The new monitoring rules, which will come into force in 2013, will also apply to non-renewal of authorization for safety reasons. Pharmaceutical companies will have to declare why they are withdrawing a drug, because they are sometimes suspected of citing commercial reasons to mask possible health risks. EU pharmacovigilance rules were upgraded in 2010, but subsequent ‘stress tests’ revealed more potential loopholes.

“It’s a shame that it often takes a scandal to bring about higher standards in legislation,” says rapporteur Linda McAvan, British Socialist and Democrat Member of the European Parliament. The updated rules “will have no impact on the initial authorization process, but regulators will be able to ask for a post-marketing study and until that is done, the drug will remain on the additional monitoring list,” she told Nature.

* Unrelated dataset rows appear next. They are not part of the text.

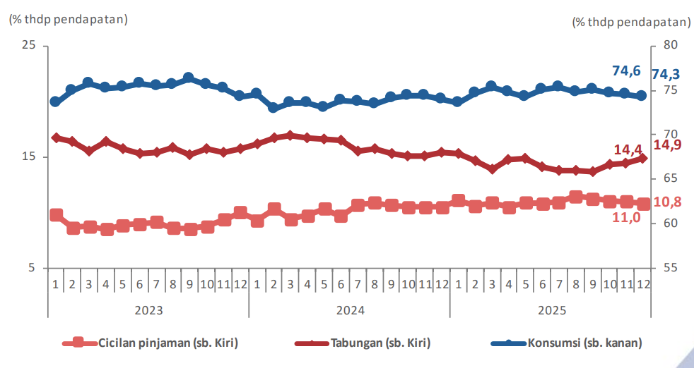 Per Desember 2025, porsi penghasilan yang dialokasikan untuk konsumsi adalah 74,3%. Ini menjadi yang terendah sejak Mei 2025 atau tujuh bulan terakhir.
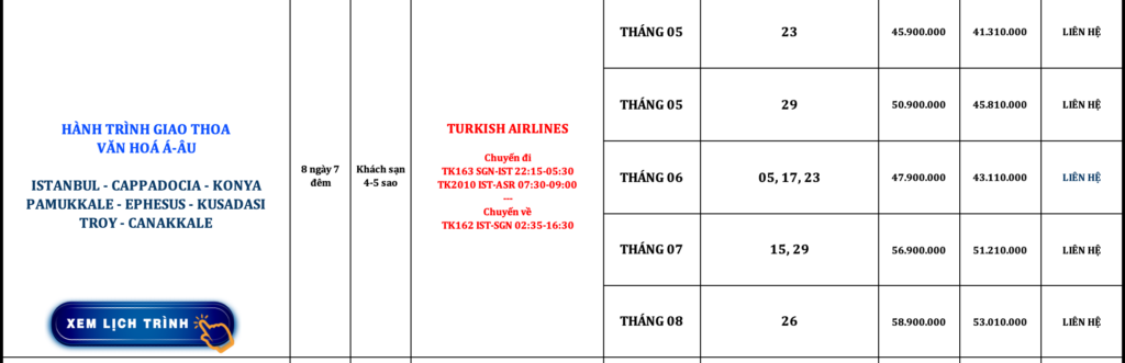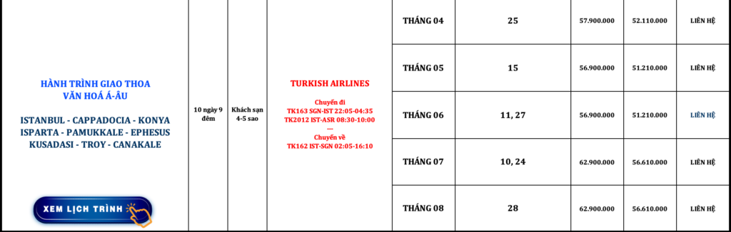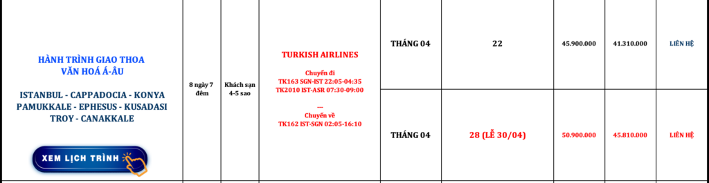 THỔ NHĨ KỲ | ISTANBUL – CAPPADOCIA – KONYA – ISPARTA – PAMUKKALE – EPHESUS – KUSADASI – TROY – CANAKALE | 10N9Đ
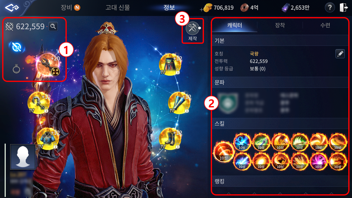 캐릭터 메뉴에서는 보유 중인 아이템을 관리하거나 캐릭터의 상세 정보를 확인할 수 있습니다. 또한 제작장비/마석/보패/용신기/전승장비/외형장비 등 각종 장비 아이템의 장착 상태를 변경할 수 있습니다.
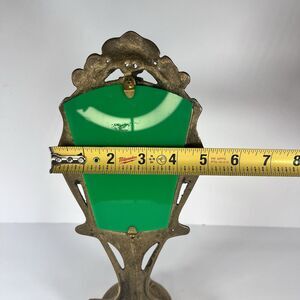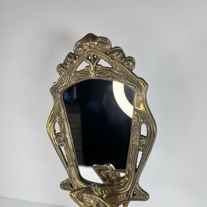 hand held Mirror Stand with Lady Figurine Nouveau cast Brass 11- 7/8" tall

The European Medicines Agency (EMA) will have to create a black symbol to appear on the packaging of any drugs with ongoing safety concerns.

Drug regulators have been accused of dragging their heels over Mediator. The Italian Medicines Agency warned in 2000 that the drug was possibly dangerous, but the EMA did not complete its report on the question until 2006.

The affair is far from over. Legal hurdles have been cleared for victims to bring the first of two cases against Servier to the courts. The trial is scheduled to open next April in the Paris suburb of Nanterre.